APSN Banner

Indonesians sceptical of Suharto suit success

Source
Agence France Presse - July 10, 2007

Bhimanto Suwastoyo, Jakarta – A 1.5-billion-dollar civil suit filed against Indonesia's ex-dictator Suharto is a political move to appease government critics and comes too late to retrieve missing money, analysts said Tuesday.

The suit was filed on Monday against Suharto and a foundation that he chaired during his 32-year rule of Indonesia, and follows the abandoning of a criminal suit against the former strongman last year on grounds of ill health.

Suharto is 86 and spends his days as a near-recluse at his family's compound in Jakarta. Transparency International estimates he embezzled 15 to 35 billion dollars during his iron-fisted rule.

He sits at the top of their list of corrupt political leaders, trailed by the Philippines' ex-president Ferdinand Marcos, who squirrelled away less than a third of that.

Monday's suit seeks to recover 440 million dollars allegedly channelled through the foundation from public and private sources to prop up companies run by Suharto's clan and cronies, plus 1.10 billion dollars in damages.
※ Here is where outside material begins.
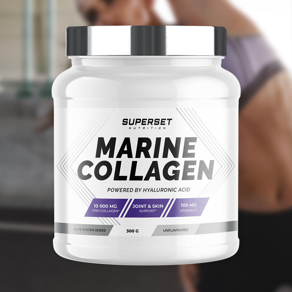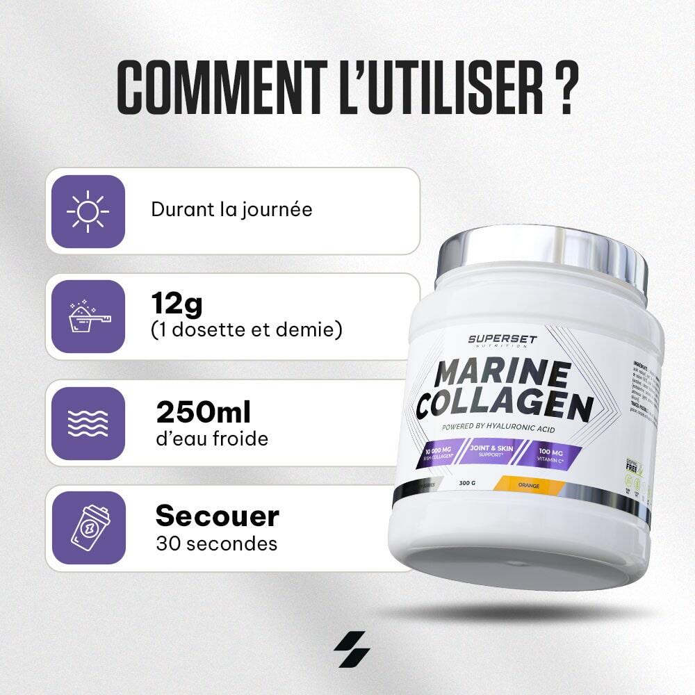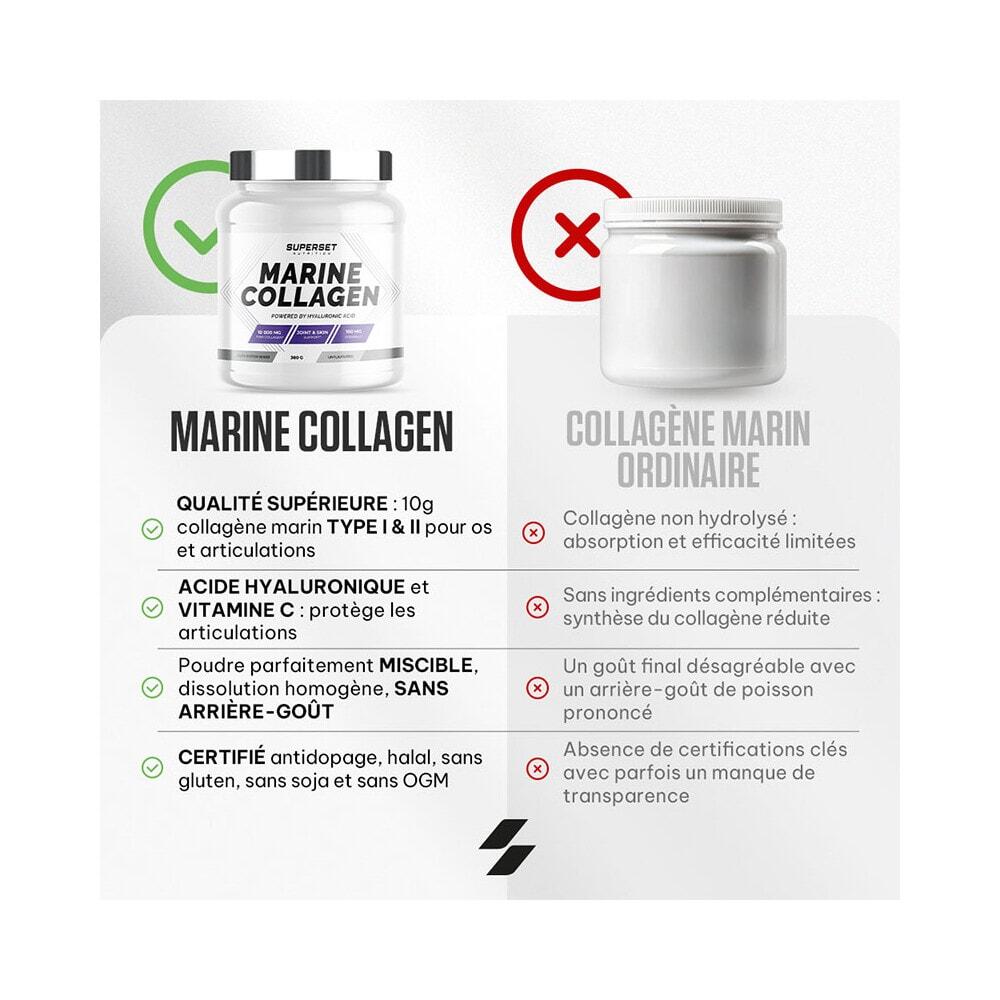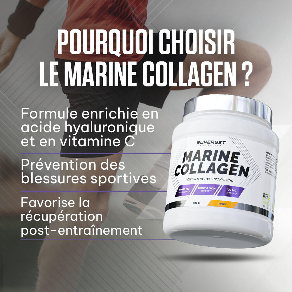 Give your body the support it deserves with MARINE COLLAGEN (300G)!MARINE COLLAGEN (300G) from Superset Nutrition is the essential dietary supplement for athletes and non-athletes alike! It's made from marine collagen, a protein ly present in the body that's so important for the health of your joints, bones, cartilage and tendons.MARINE COLLAGEN (300G) contributes to :Optimum joint comfortPrevent pain and injuryDid you know?Collagen degrades with age (from the age of 25!) - it's physiological... And this can lead to tissue degradation (joints, bones, muscles and skin). So, collagen supplementation is designed to support joint health as a preventive measure, especially when your joints are put to the test by regular physical activity!'>,The ultimate ally for strong, healthy joints!Its powerful formula, enriched with hyaluronic acid and vitamin C, offers multiple benefits!Vitamin C (100 mg per dose): has antioxidant properties that protect cells against oxidative stress and a key role in collagen synthesis, essential for healthy skin, joints and muscles.Hyaluronic acid (100 mg per dose): protects cartilage during intense physical effort and maintains joint suppleness and mobility, reducing the risk of injury and premature wear.As a bonus, you can be strong and beautiful, since collagen helps improve skin firmness and, coupled with hyaluronic acid, helps rehydrate the skin deep down, reduce wrinkles and improve skin elasticity and tone. Top quality!Thanks to its ultra-clean, complete formulation, MARINE COLLAGEN (300G) provides essential support all year round, helping to maintain healthy joints, promote recovery after exercise andoptimize your sports and healthresults!The advantages of MARINE COLLAGEN (300G)? Optimum assimilation (low molecular weight: 2000 daltons)Ofmarine originPerfectly miscible powder with no unpleasant aftertasteCertified anti-doping, gluten-free, soy-free, GMO-free and Halal

Prosecutors have said the progress of the case will determine whether they lodge similar suits against six other foundations Suharto is alleged to have similarly misused.

But analysts doubted the case would bring Suharto to justice. They saw it instead as a deft political move by President Susilo Bambang Yudhoyono, who needs to be seen to be doing something after being elected on an anti-corruption platform in 2004.

"What they are after is a political effect – that they are seen as being serious about dealing with Suharto. That is all, nothing more," said Asmara Nababan, who chairs the Centre for Democracy and Human Rights.

He said the government should have pushed on with the criminal lawsuit and held a trial with Suharto in absentia. A civil suit would also take much longer to complete, he said.

"It will not be finished in five, ten years, and its economic effects will be negligible," he predicted.

I Gusti Agung Putri Astrid Kartika, who chairs the Institute for Policy Research and Advocacy (Elsham), said she saw no point in the civil suit, given that the transactions were legal at the time they took place.

"As you know, during Suharto's time, regulations and laws concerning private foundations were very lax," Kartika said.

Amiruddin, an Elsham coordinator, added that the suit was "just candy for the people, just to present an image to the public of them working hard (on the Suharto case), while actually they are not."

The case is being brought by a new attorney-general appointed in May in a reshuffle seen as an attempt by Yudhoyono to reinvigorate efforts to crack down on corruption.

Dewi Fortuna Anwar, director of research at the Habibie Centre think tank, said that while some big names have been punished by a very slowly reforming judiciary system, Suharto was unlikely to join them.

The success of this civil suit will "depend very much on whether the prosecutors are very serious about it," she told a panel discussion marking 10 years since the Asian financial crisis, which precipitated Suharto's downfall.

"What happens sometimes is that the prosecutors bring it to court but they do it in such a way that it's thrown out of court by the judges, so they have to go back to construct it," she said.

"Frankly I'm not holding my breath... I don't think we're going to see a day where Suharto is going to testify in court. His doctor will not allow it because he will be very ill on that day," she quipped.

The Suharto family has remained largely untouchable in the near decade since the dictator's political power was supposed to have waned.

Suharto's son Tommy was freed from prison last year after serving just a third of the 15-year term he was originally handed in July 2002 for ordering the murder of a Supreme Court judge.

But he has escaped trial over allegations that he corruptly amassed millions during his father's rule.